PUBLISHED : Saturday, 09 February, 2008, 12:00am
UPDATED : Saturday, 09 February, 2008, 12:00am

The recent tourism boom on the mainland, where domestic and foreign travellers unquestioningly pay a premium to explore many areas of natural beauty, has turned operators of the sites into stock analysts' top picks for their strong profit potential.

Even a National Development and Reform Commission circular last month banning price increases for entry tickets to ease the pressure of rising living costs is unlikely to have any negative impact. This is so because analysts expect operators will find ways to raise either ticket prices or transport costs at the sites.

In the communist spirit, the mainland's great lakes and famous mountains belong to its people, but the operating and pricing rights are largely in the hands of local governments. Their involvement with private companies to make the greatest possible profit has been rampant in the past few years. Though consumers have strongly opposed almost every proposed price rise, site operators have a free rein as local governments are organisers of the public price-setting hearings.

Academics have called for central government intervention, but Beijing's limited budget and a lack of control over local governments make this hard to realise.

Entry fees to the mainland's tourist attractions are among the highest in the world.
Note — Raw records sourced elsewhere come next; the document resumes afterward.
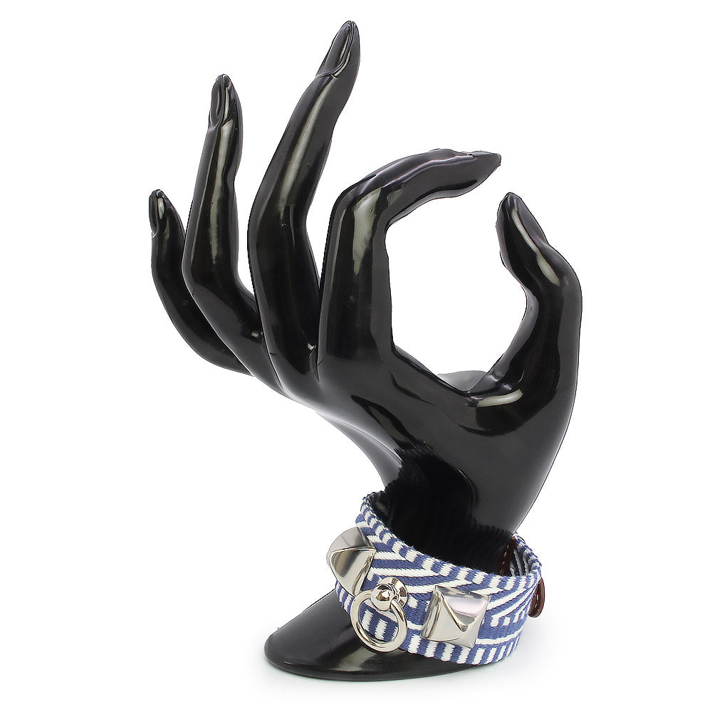 エルメスのモチーフの中のひとつ、メドールが特徴的なリヴァルブレスレット。存在感のあるベルトが手首を華やかに見せてくれます。普段はレザー部分のベルトが、さわやかなサングルカヴァル生地になっているので重くなりすぎず着けやすいのも魅力的です。いつものスタイルに取り入れるだけで、グッと高級感を醸し出してくれます。 |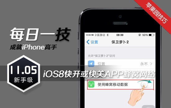 iPhone是蘋果公司推出的智能手機,精美的外形和智能化的功能,深得不少果粉的喜愛,已成為比較流行的街機。為方便大家了解和熟悉iPhone功能和技巧,蘋果園特別推出iPhone“每日一技”專欄。下面為大家介紹iOS8系統快開或快關APP蜂窩網絡。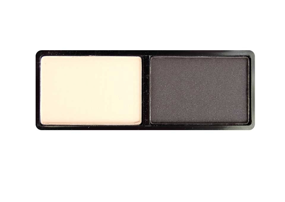 Двухцветные тени с пудровой и шиммерной текстурой.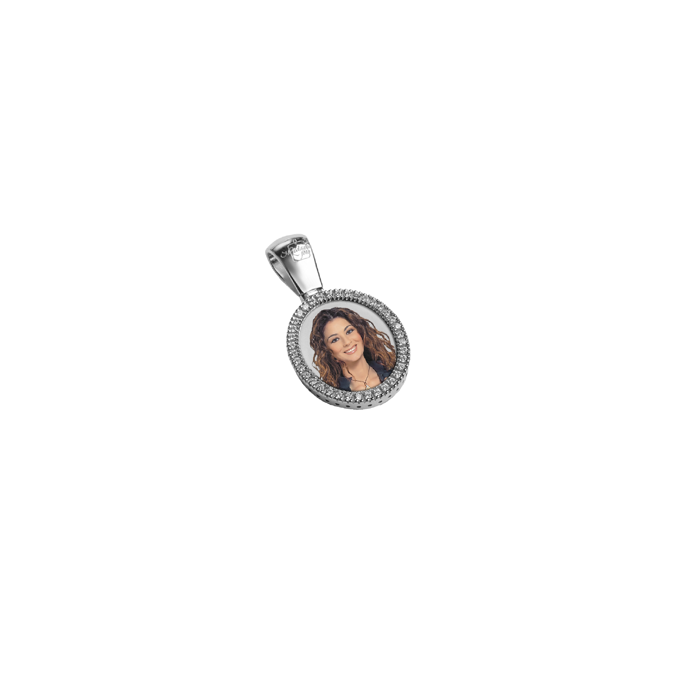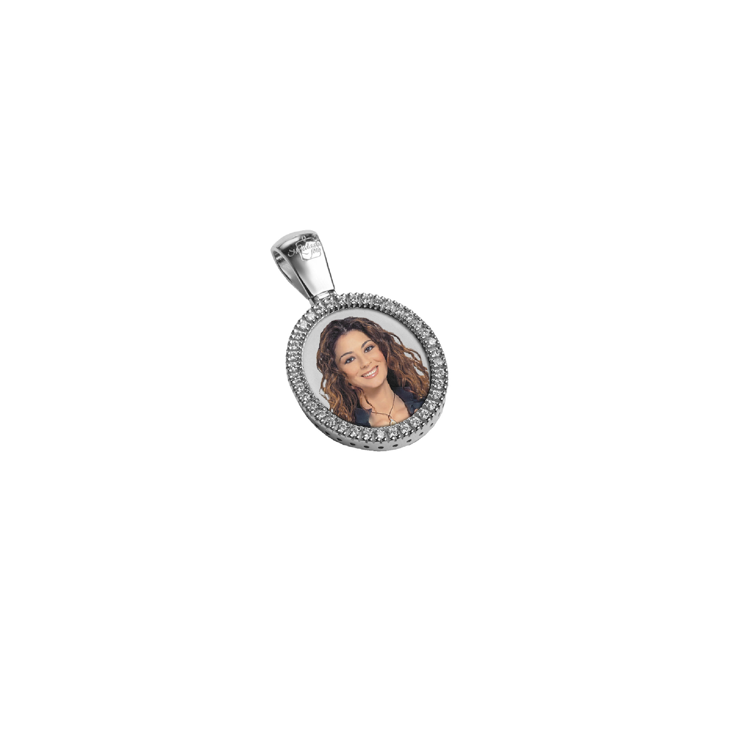 Medaglia Ovale in Argento - Cornice con Zirconi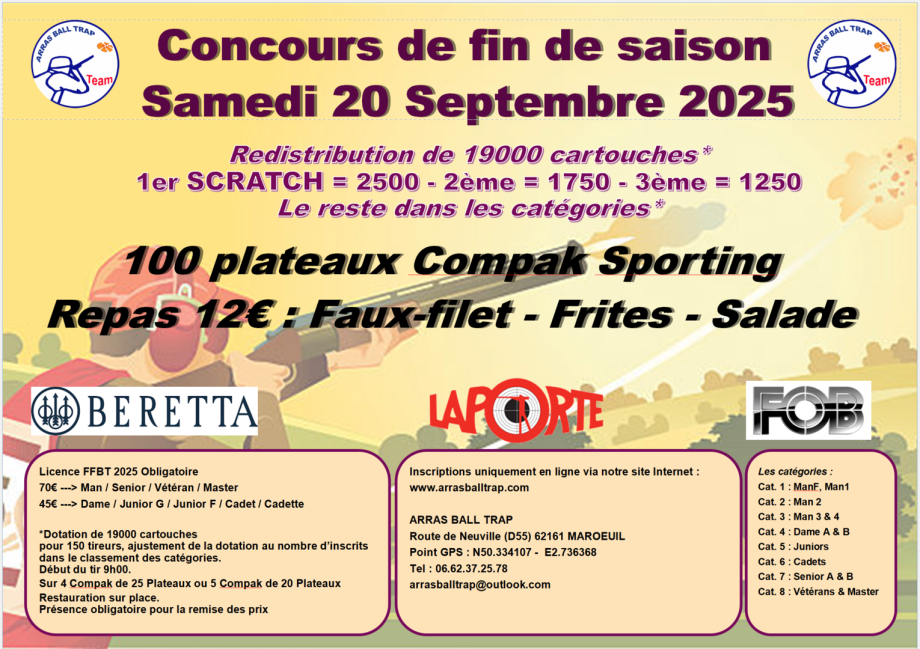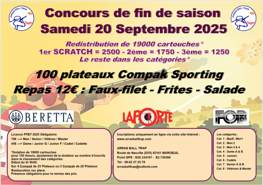 Inscriptions aux compétitions d'ARRAS BALL TRAP 2025
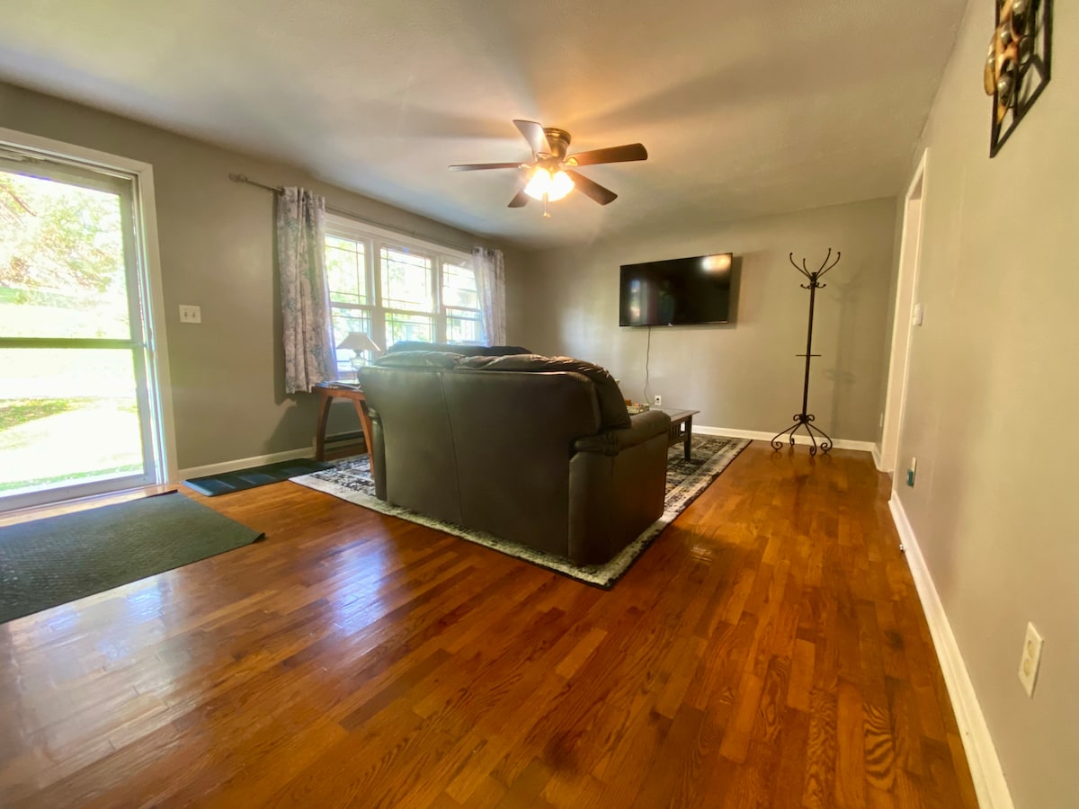¡Disfruta de tu estancia en The Petersburg Place, una acogedora casa de 2 dormitorios y 1 baño ubicada en una ladera del barrio cerca del centro de Petersburg, Illinois! La casa tiene solo tres escalones para entrar en la casa de un solo nivel, entrada sin llave, mucho espacio para aparcar varios vehículos o un barco, un patio trasero vallado con terraza, cocina completa con elementos básicos de cocina, un televisor de 55 pulgadas (Amazon Firestick) y wifi.

A visitor to the World Heritage-listed Stonehenge in England can expect to pay GBP6.30 (HK$96.81), or slightly more than a British national's minimum hourly wage, to be guided around the monument. A comparable fee is charged for a week-long entry to the Grand Canyon national park in the United States.

The peak-season entrance fee to the scenic spot Huangshan in Anhui province is 200 yuan; to Jiuzhaigou in Sichuan, 220 yuan, and to Zhangjiajie in Hunan, 245 yuan. The 200 yuan ticket price is about 1.5 per cent of urban residents' annual disposable income of 13,786 yuan last year and 4.83 per cent of rural residents' income of 4,140 yuan.
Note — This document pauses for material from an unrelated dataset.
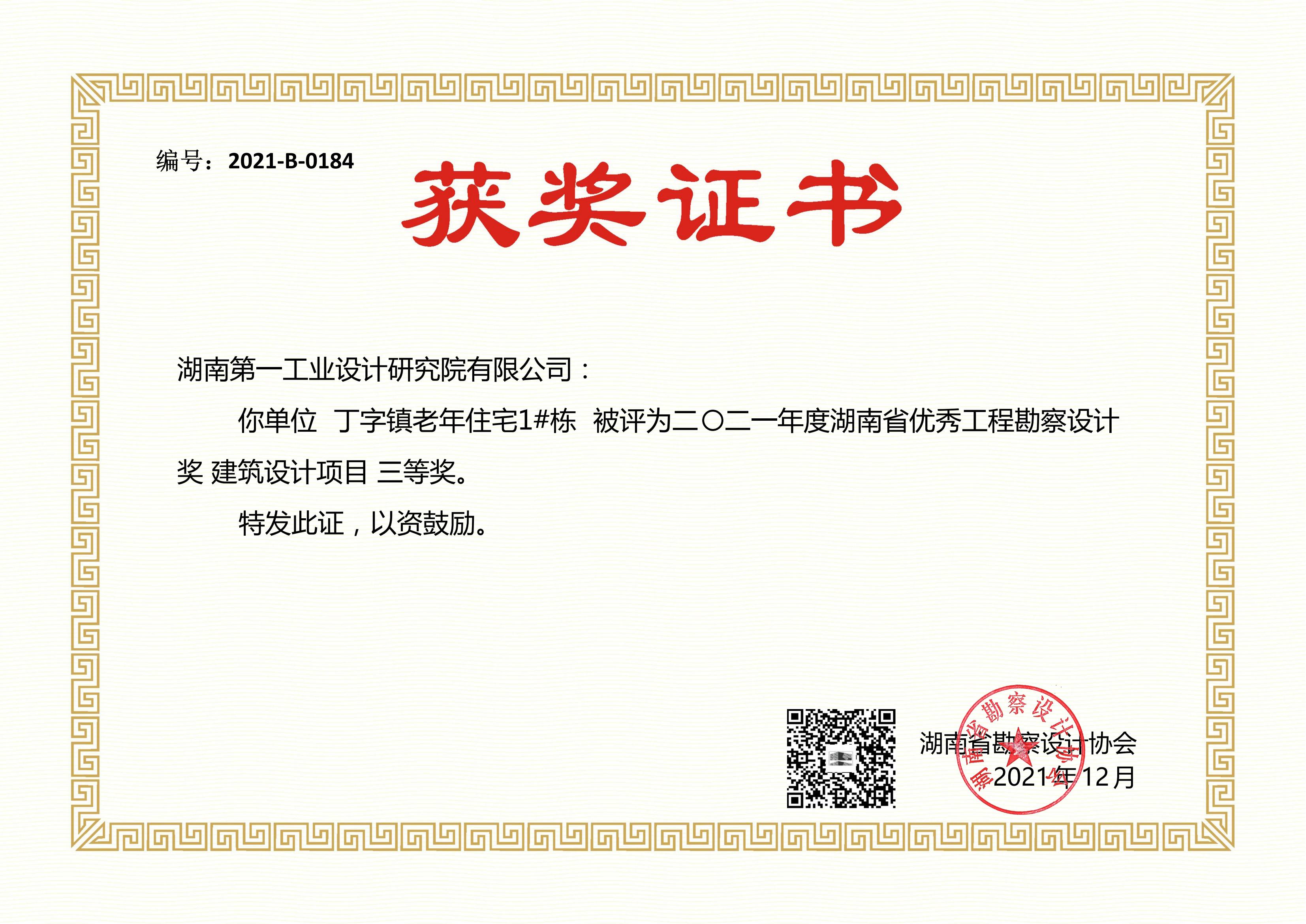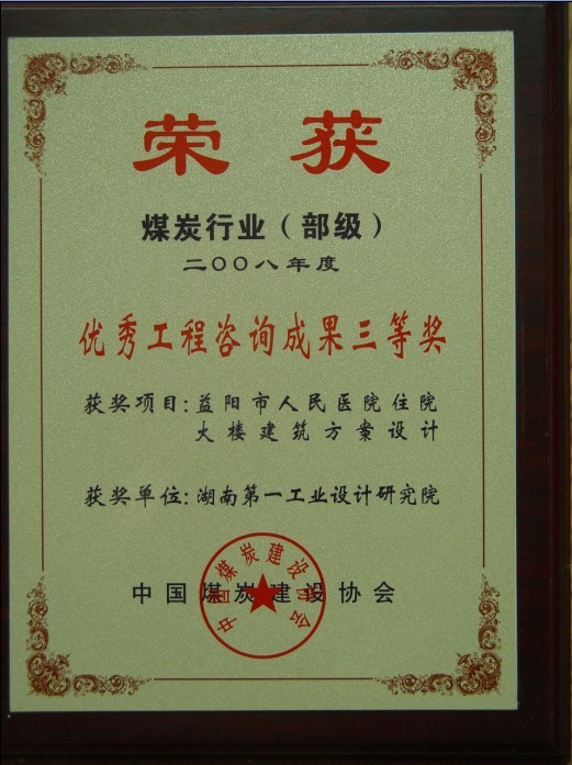 湖南省優(yōu)秀設計表揚金獎(1984)

Shen Jiacheng, a villager in Hongcun, Anhui, said he had not been to Huangshan, which is about 100km from his village, in the past 10 years. 'I'd like to visit the mountain again but the price is just unaffordable,' said the 56-year-old farmer.
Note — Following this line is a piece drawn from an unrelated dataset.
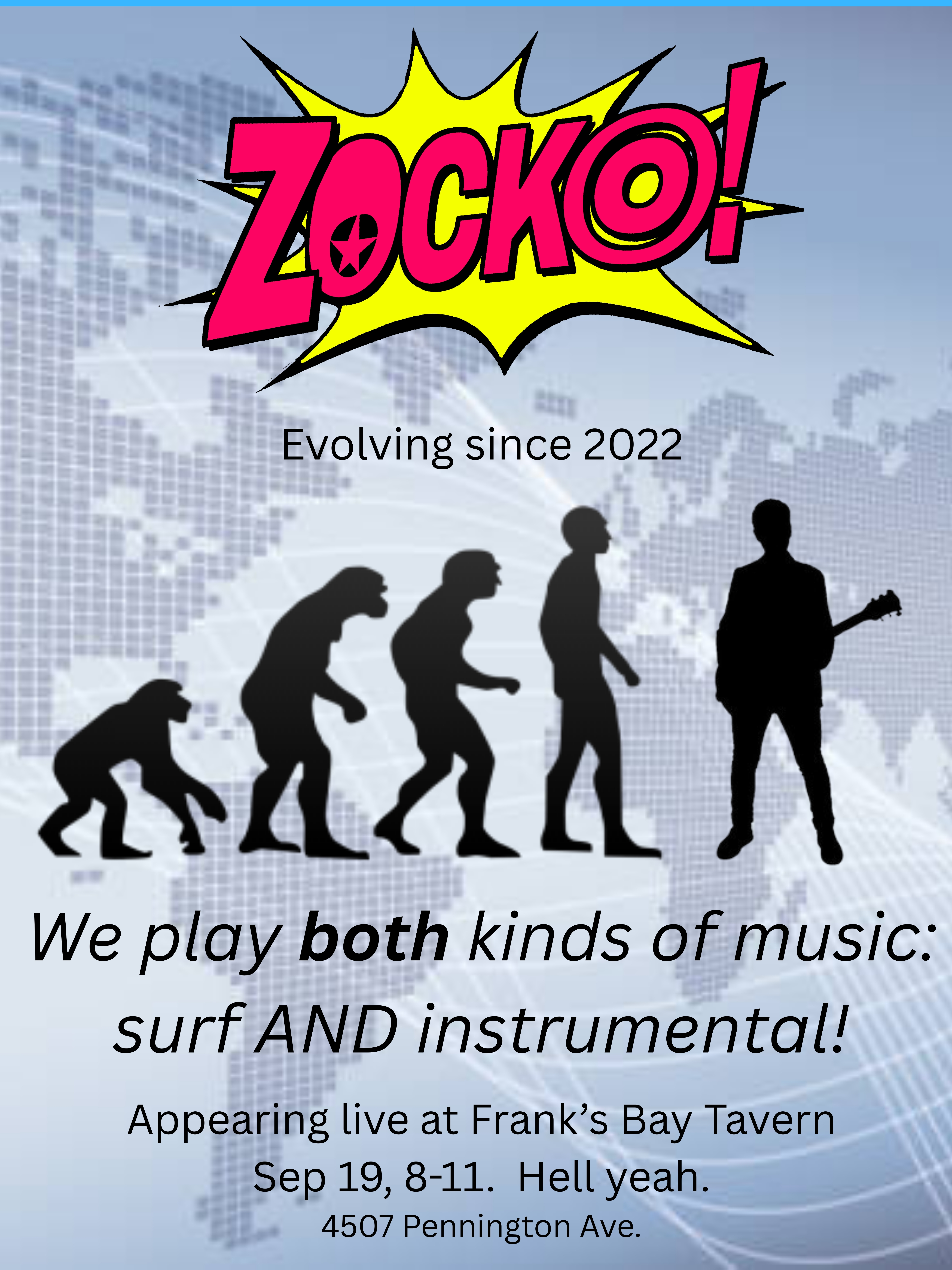 Fri Sept 19 - ZOCKO! at Frank's Bay Tavern. (Facebook event page)

In 2004, six tourist sites in Beijing called for a public hearing to raise ticket prices by up to 300 per cent, claiming the extra revenue would go towards better protection of the world heritages. The proposal stirred a huge controversy. But despite strong opposition, which included the public taking it to the media, government-selected delegates to the hearing passed the proposal. Attractions in other provinces subsequently followed suit and ticket prices were sharply increased.

Still, high ticket costs for the mountain and other famed attractions across the nation have turned few visitors away. Since the country launched the 'golden week' holidays in 1999 to boost consumption, the volume of domestic travel has risen by two digits annually.

In 2006, mainland tourists made almost 1.4 billion domestic trips, up 15 per cent from the previous year. Of these, 576 million were made by urban dwellers and 818 million by rural residents, according to the China National Tourism Administration.

The huge demand enabled local governments and site management companies to increase revenue even at the expense of public welfare, mainland researchers said.

'The market mechanism doesn't work for natural resources. The government must intervene to set up a reasonable pricing system and better regulate the sector. Otherwise, the companies will abuse their position of monopoly and set high prices which infringe on consumers' rights,' said Anhui University of Finance and Economics associate professor Wan Hongxian.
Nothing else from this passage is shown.